The final interview of the day was with the Admiral himself. You sit in a small chair across from him behind his big desk. Behind you there's a table where two other guys (Navy Captains not in uniform, I later learned) sit and take notes. I was asked if I expected to get married and how was math (I was a math major) like being married. He's looking to see if you can keep your cool and think outside the box, and appropriateness didn't enter into it. The final question was "which of those two guys back there is better looking". At first I declined to answer but he said I had to, so I picked one. Then he sent me out in the hall to wait.

A few minutes later he sent the guy I had NOT picked to ask me why I thought the other one was better looking. Mind you, I was just 21 and these guys were in their 40's (plus). Neither one was particularly attractive to me at the time; I'd chosen completely at random. But the guy who came out had a comb over so I told him the other guy had better hair.

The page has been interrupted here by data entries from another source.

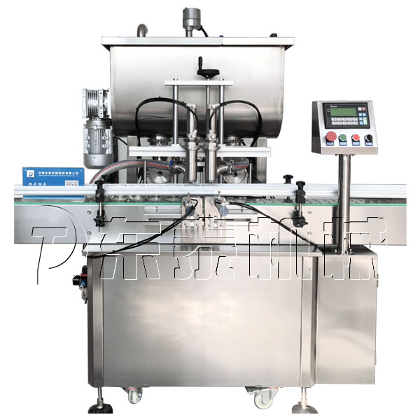 3、该设备在设计上大大缩短了下料斗到灌装头的灌装距离,克服了含油量大的物料(如:含芝麻粒的辣椒油)在灌装过程中出现的有些瓶油多,有些瓶酱多的灌装误差大的缺点。
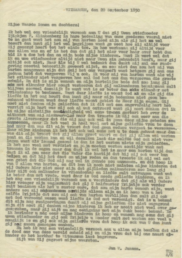 20.9.1850 verzoek van Jan Wybrens Jansma aan zijn kinderen:
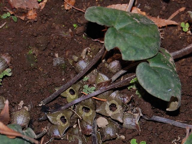 属名の Asarum はギリシャ語の「asaron(枝を打たぬ)」からきているが、関係は不明だという。
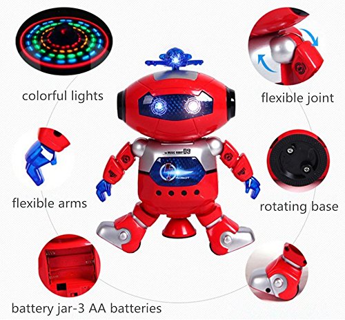 -. Feature : Small and delicate- mini size 15x7x21cm/6x2.8x8.7inch, funny toys for baby kids. / Cool and colorful light- the head, eyes and body of the robot will give out cool light and rotate to form a colorful circular, pretty beautiful. / Splendid music- the robot is inserted with wonderful music, turn on the switch, it will play music circularly and dancing with the music. / 360 degree rotation- there is a rotating base between two legs, which makes it 360 degree freely rotation when singing and dancing. / Battery operated- it needs 3x1.5V AA batteries(not included).
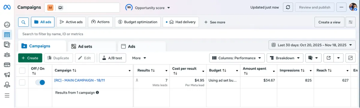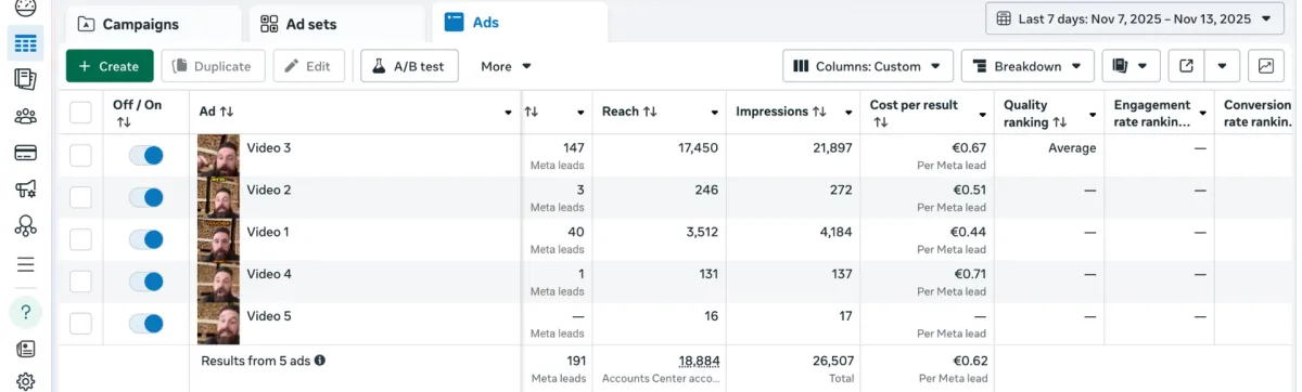 191 leads in 7 days at just €0.62 each.

I did get the position. . . .got thoroughly drunk that night. . . . .

Ann


----------



## Betsy the Quilter (Oct 27, 2008)

The Admiral apparently hadn't changed much over the years.  A very good friend of ours, a Naval Academy graduate ("ring knocker") who is in his mid 70s now, interviewed with ADM Rickover sometime around 1959-61, my husband can't quite remember.  Walter flew from San Diego to DC for the interview, waited 3 days for in the outer office (I guess he went home at night, LOL) and then the Admiral told him to come back in 90 days after he lost weight.  ADM Rickover wrote a letter to Walter's wife telling her to put him on the diet.  Walter came back thinner and got the job.

Betsy


----------